Enfin, dans la vieille tradition littéraire qui consiste à inventer des savants fous, il ne faut pas négliger
tous les mutants qui sont issus d’une manipulation génétique plus ou moins bien contrôlée. C’est le
cas dans Mutant X, série télévisée créée en 2001 par Howard Chaykin et Avi Arad, où un organisme
secret du gouvernement, la GenomeX, a pour but de créer des mutants dont on pourra utiliser les
pouvoirs extraordinaires — même s’il n’est pas toujours facile de les contrôler. Ce filon inépuisable a
aussi été exploité dans Complot génétique, téléfilm réalisé en 1999 par Winrich Kolbe. Le titre original
de cette œuvre mineure, The Darwin Conspiracy, est révélateur du message véhiculé par un
scénariste fâché avec la théorie de l’évolution, puisqu’il met en scène des scientifiques sans
conscience qui récupèrent l’ADN d’un être supérieur afin de développer une race humaine améliorée
susceptible de remplacer notre vieille branche d’homo sapiens – comme dans le roman Babylon
Babies de Maurice G. Dantec (voir à ce sujet ma précédente chronique). De la même manière, dans
Le Lait de la chimère de Robert Reed (Black Milk, 1989), le docteur Florida manipule sans scrupule
des gênes humains dans son laboratoire, afin d’obtenir des enfants parfaits, doués de capacités
exceptionnelles. Mais à côté de ces mutants plutôt sympathiques, l’apprenti sorcier fabrique aussi des
monstres destinés à coloniser d’autres planètes…
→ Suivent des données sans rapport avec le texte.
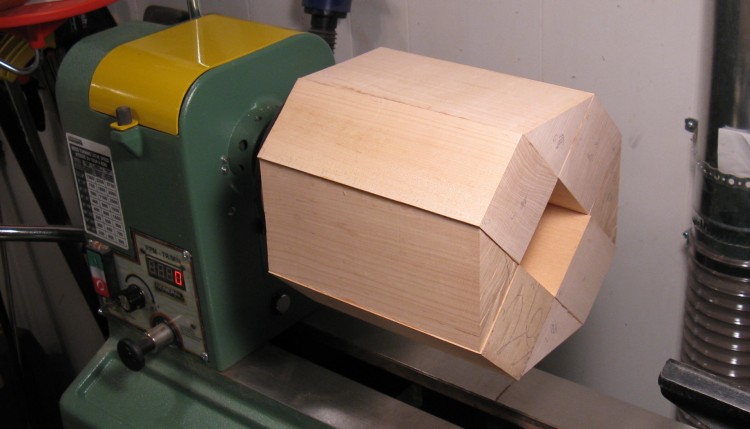 But since I was planning to use an opaque iron-like finish, the grain doesn't show, which gave me a bit more freedom in how it was constructed. With that in mind, I went for a segmented blank. I used Maple since it turns decently, and I had a couple pieces of adequate size - about 3" square.
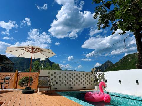 因为带孩子出来转转,所以选择了这家带泳池的民宿,拍照很漂亮,老板娘很热情,装修在这附近算得上很高端的民宿了,之前住过山里的房子很潮湿有异味,但是她家房间宽敞明亮,房间收拾的干净卫生,床品也是很高端舒适的,带家人出来放松就应该找这样的地方住,在这里整个人都很舒心,安静,这次是来对了,以后就她家了
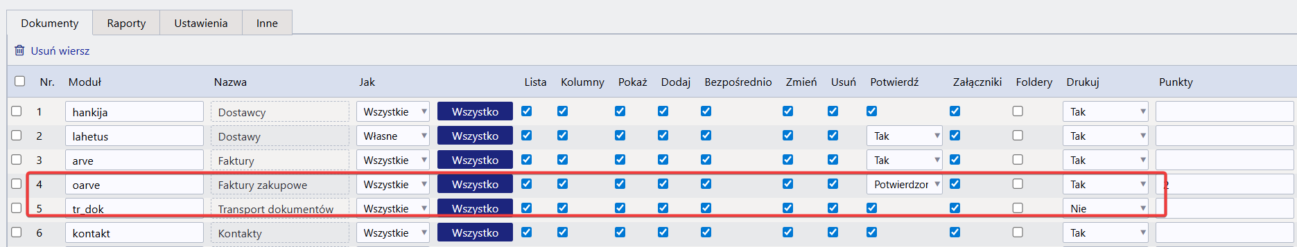 Domyślnie użytkownik musi mieć uprawnienia do przesyłania dokumentów i faktur zakupu, lub uprawnienia do tworzenia faktur zakupu.
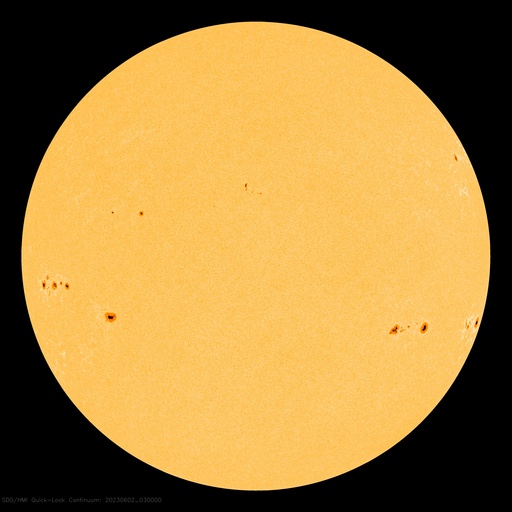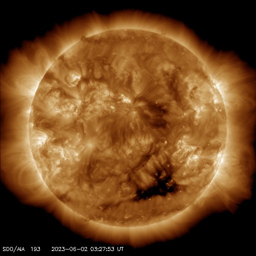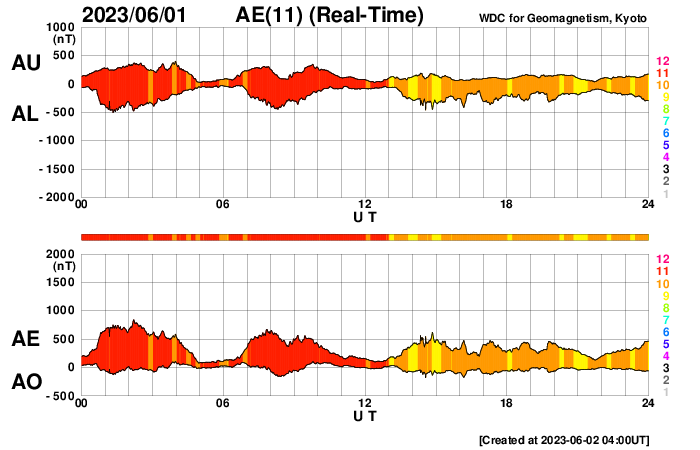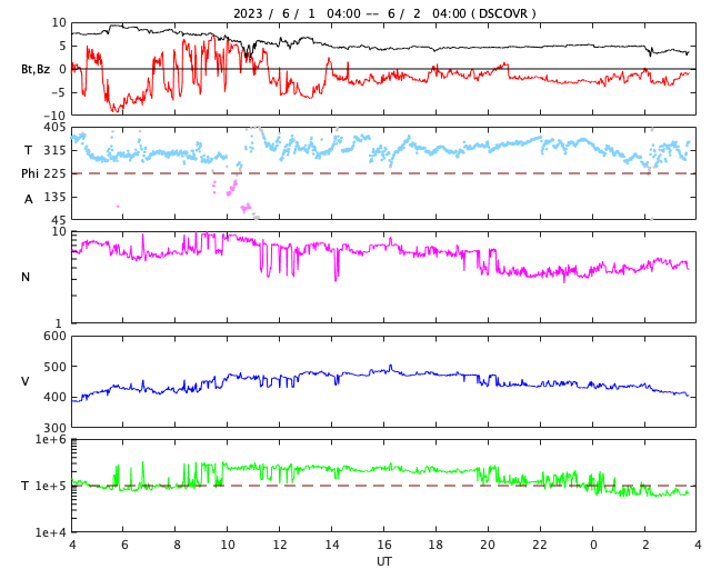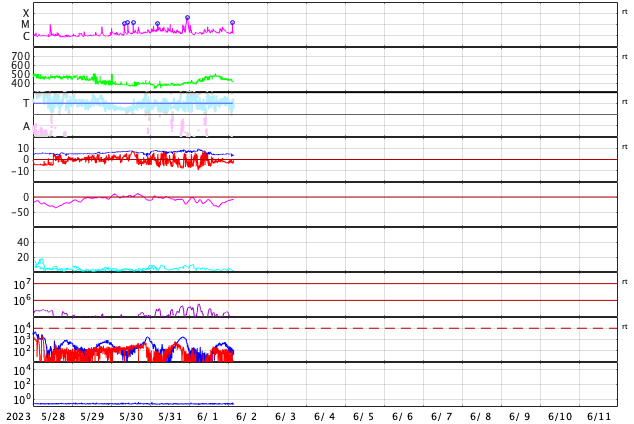 2023/ 6/ 2 13:03 更新 太陽風の小さい強まりが到来しました。太陽の中心部でM1.5フレアが発生しています。 担当 篠原 太陽風の速度は、昨日の午後から夜にかけて、 400km/秒から480km/秒へ少し高まる変化が発生しています。 今朝からはゆっくりと下がって、 現在は400km/秒と平均的な状態に戻っています。 磁場強度は、グラフの最初で10nT近い強まりになっていますが、 その後は下がって、5nTと平均的な状態が続いています。 磁場の南北成分は、磁場が強まった頃に南向きに強まり、 以降も変化は小さくなっていますが、 南寄りの傾向が続いています。 磁気圏はやや活動的な状態になっていて、 AE指数は500nT程度の変化が連続的に発生しています。 SDO衛星AIA193では、 コロナホールが南西側(右下)に見えています。 現在の太陽風は平均的な状態ですが、 この後、コロナホールの影響がやって来るでしょうか。 注目してください。 昨日のM4.2のフレア以降、 3323黒点群は変化が少なくなり、 今朝にC6.2の小規模フレアを起こした程度です。 一方、中心部の北側に小さい黒点が新しく現れ、 頻繁に小さいフレアを起こすようになっています。 先ほど、2日11時半(世界時2日2時半)に M1.5の中規模フレアを起こしました。 この後も活動に注目してください。 今日未明に学校の地域で停電が発生して、 その影響で学内LANが止まってしまい、 半日ほど宇宙天気ニュースが停止してしまいました。 台風による風雨の強まりはありませんでしたので、 関係ない停電の様です。

En fait, dans chacun de ces récits, tout le problème est de savoir ce qu’on doit faire de ces mutants
présentés comme l’avenir ou comme le tombeau de notre humanité. En incarnant de manière
métaphorique les individus et les groupes "différents", qui ont du mal à trouver leur place dans une
société standardisée, les mutants de science-fiction expriment toute l’ambiguïté de notre regard sur
l’Autre, un regard tout à tour empreint de crainte, de dégoût, de jalousie ou de pitié.